More importantly I used 65000lbs/in for the tensile stress of your steel and according to my calculations if the load at the centre of the arch exceeds 2 lbf your stress will be over the tensile strength.
I haven't allowed for the curvature across the spring width as we agreed to analsye it as a flat, neither have I allowed for any stress raisers which may occur at the bends or the cutouts.
Another piece of advice I used 0.016" thickness material for the calculation which was the average of the sizes you have given, however if you use 0,017" thick and compare it with 0.015" thick the stiffness goes up by a cubed law and not surprisingly a spring made from 0.017" is almost 1.5 times stiffer than one made from 0.015".
Your major problem with this spring is stress so its back to the drawing board.

regards

desertfox

RE: Flat spring design FEA

(OP)
desertfox, I've done FEA all day today and I modified the geometry of the spring including the free height, until I came up in FEA with a spring rate of 100 lb/in. I set the material thickness to .016 too, because this is the thickness of material I can get. I scooped it more in so now looks more like a wrench and I changed the free height. The job that this spring has is to collapse the lugs inside the tube when is no air in the black rubber tube. The rubber tube tends to stretch so the spring has to push it back. The area the pressure applies to is around 2.5in^2, like I said earlier in my postings, so that being said, with the known pressure of 80 PSI inside the rubber tube, will give me a force of F=P*A=2.5*80=200 lbf. I will use just 10% of this force because the tubes are supported both ends, so that will give me a boundary condition for force in FEA on Y of -20. For constraits, on X the condition will be on edges, translation on X of +.72 and -.72in. I found this by taken the difference between the length of the flattened spring and the length of the curved spring and divided by two, because it will translate on X and -X. On Y there will be no constraints, just load of -20 lbf.
Then I plotted the graphic of displacements for several different heights. Idon't have the space here to explain what I did, but I think this time will be OK. I still don't know how you concluded that the spring is too soft, because I got it too stiff and I have to scoop it out and modify the geometry many times to get the rate down to 100lb/in which is close to the goal of 70 lb/in which i initially had. Thank you for yoour posting. You were the only one that took the time to think about my spring. It wasn't a simple analysis.

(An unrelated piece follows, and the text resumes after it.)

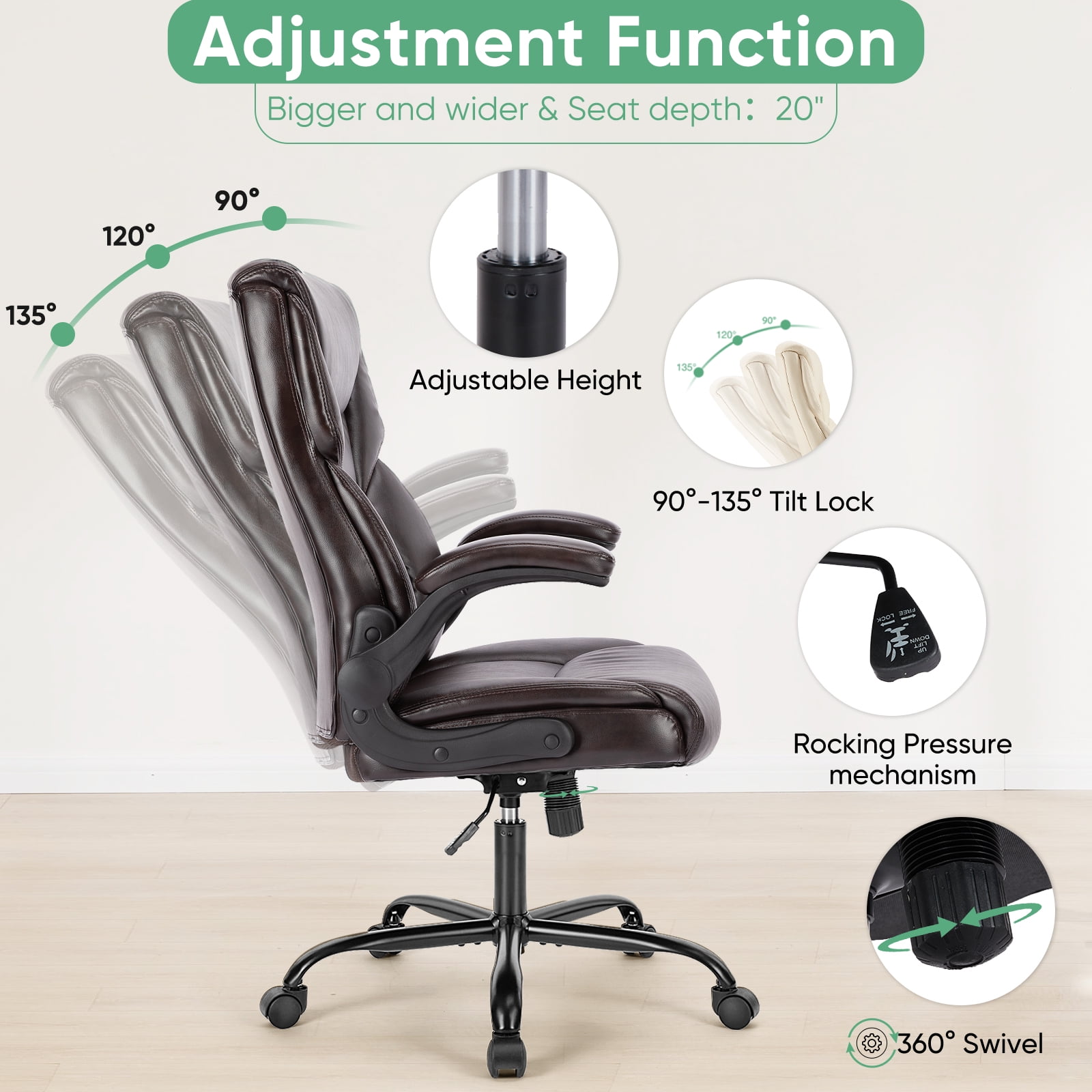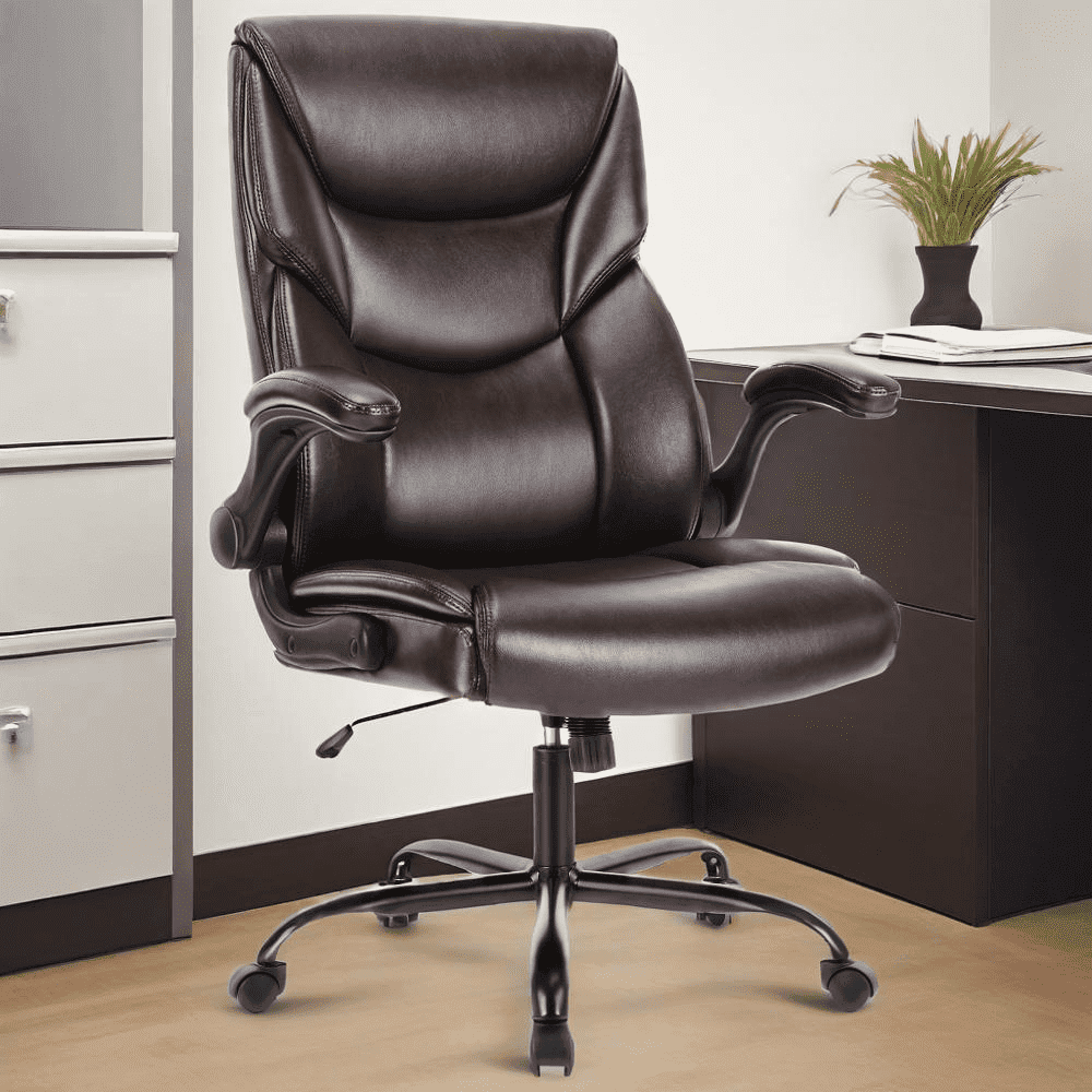 GIANNA Office Chair – the epitome of comfort, style, and functionality! Elevate your workspace with this ergonomic desk chair that is designed to provide you with the ultimate seating experience. Crafted with a focus on ergonomics, the GIANNA Office Chair features adjustable flip-up armrests that can be tailored to your preferred height and position, ensuring optimal support for your arms and shoulders. Say goodbye to discomfort and hello to a chair that promotes proper posture and relaxation while you work. Constructed with high-quality PU leather, this executive computer chair not only exudes a sleek and sophisticated look but also boasts durability and easy maintenance. The luxurious material is a breeze to clean, allowing you to effortlessly maintain its pristine appearance. Equipped with a swivel function, the GIANNA Office Chair enables seamless movement and easy access to different areas of your workspace. The smooth-gliding 360-degree rotatable wheels ensure smooth transitions, while the high-quality titanium metal five-legged base provides maximum stability and sturdiness, supporting up to 300 pounds with ease. Experience a new level of comfort with the GIANNA Office Chair, featuring lumbar support that promotes proper spinal alignment and reduces the risk of back pain.

RE: Flat spring design FEA

Hi mirelavus

I have uploaded my calculations assuming there is no curvature across the width of the spring,also I have ignored the cutouts in the spring where the tubes sit and that allowed for a constant "I" value across the spring.
The spring being symmetrical you only need to analyse one half of the spring which is what I have done.
The fact I have not allowed for the cutouts means the spring should be stiffer than with the cutouts but it still only comes to around 40 lbs/in for stiffness.
I have used metric units and converted the stiffness at the end,you will also find I have omitted the results of the intergration, but I have stated what needs to be intergrated and I checked them through Mathcad and you could probably do the same.
My graphical intergration method including the cutouts results in a stiffness of 37 lb/in stiffness which is in the same ball park, so unless I have made the same mistake in each method I am convinced my calculations are correct.

Regards

desertfox

RE: Flat spring design FEA

Hi mirelavus

In addition the bending stress on this spring can be obtained using:-

stress = M*y/I

if you consider the stress to be the tensile strength of the material you will see if you put more than 2 lbf on the centre of the arch you will exceed your tensile strength.
I don't know what changes you have made to your spring since you posted the original drawing, however I hope you look at my posts before you go ahead with your design if only to serve as a reference.

regards

desertfox

RE: Flat spring design FEA

Hi mirelavus

If you can please feed back if you could and let me now if you have solved your problem or if you have any questions about my calculations.

cheers

desertfox

RE: Flat spring design FEA

(OP)
I agree your calculations are fine, but I think we have asumed too much idealization to the real model.
Thank you for your postings, very valuable. I concludes 36 lbs/in without cutouts myself by using some simple supported spring calculations and some beam idealizations. I think I have to start a new thread about what will be the bounderies conditions in Pro Mechanica for this application. Maybe I did not put them right.
Thank you again and I attached my conclusion apart from FEA

RE: Flat spring design FEA

Hi mirelavus

Thanks for the feedback, I have looked at your conclusions which as you say closely reflect my findings.
So you believe your constraints within the original model may have given you the false results.
I don't know what your latest spring looks like or how different it is from the original posted, however if you post your latest one I'll look at it for you.

regards

desertfox

RE: Flat spring design FEA

(OP)
Hi desertfox. I work with Pro Mechanica. Maybe my boundary conditions are wrong and/or edges that I selected for constraints are wrong, something is got to be wrong in FEA as we both have close foundings by different ways of hand calculations. Here is the last model.I used metric units (mm, N, KG, s, C. I had to scoope out the model as it was giving me an enormous stiffness. Now, as it is, it gives me 100 LB/in stiffness. Something is wrong here.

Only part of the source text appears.